Dari dasar hukum mahar tersebut jelaslah bahwa hukum memberi mahar itu adalah wajib. Artinya arti laki-laki yang mengawini seorang perempuan wajib menyerahkan mahar kepada isterinya itu dan berdosa suami yang tidak menyerahkan mahar kepada isterinya. Dari adanya perintah Allah dan perintah Nabi untuk memberikan mahar itu, maka ulama sepakat menetapkan hukum wajibnya memberi mahar kepada isteri. Tidak ditemukan dalam literature ulama yang menempatkan sebagai rukun. Mereka sepakat menempatkannya sebagai syarat sah bagi suatu perkawinan. Artinya perkawinan yang tidak pakai mahar adalah tidak sah. Bahkan ulama Zahiriyyah mengatakan bahwa bila dalam akad nikah dipersyaratkan tidak pakai mahar, maka perkawinan tersebut dapat dibatalkan[25].
2.      Pendapat Ulama Terhadap Mahar
Salah satu usaha Islam dalam memperhatikan dan menghargai perempuan yaitu memberi hak untuk memegang usahanya. Di zaman Jahiliah hak perempuan dan dihilangkan dan disia-siakan, lalu Islam datang mengembalikan hak-hak itu. Kepadanya diberi hak mahar dan kepada suami diwajibkan memberi mahar kepadanya bukan kepada ayahnya dan kepada orang yang paling dekat kepadanya.

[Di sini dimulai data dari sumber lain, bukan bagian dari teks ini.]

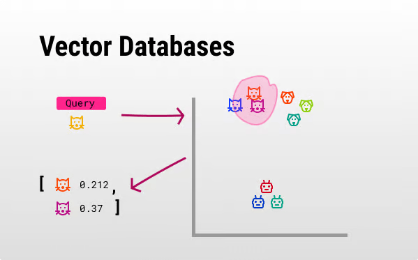 Then, whenever the user sends a request, like “give me similar results to a ‘yellow cat’”, the vector database performs a ‘semantic query’.

Mahar adalah bagian esensial pernikahan dalam Islam. Tanpa mahar sebuah pernikahan tidak dapat dinyatakan telah dilaksanakan dengan benar. Mahar harus ditetapkan sebelum pelaksanaan akad nikah. Merupakan hak mutlak seorang perempuan untuk menentukan besarnya mahar. Apabila mahar sudah ditentukan bentuk dan besar kecilnya, maka barang itulah yang wajib dibayarkan. Tetapi bila tidak ada ketentuan sebelumnya dan tidak disebutkan bentuknya di waktu akad nikah, maka bagi mempelai pria kepada calon mempelai perempuan, baik berupa uang, barang atau jasa yang tidak bertentangan dengan hukum Islam.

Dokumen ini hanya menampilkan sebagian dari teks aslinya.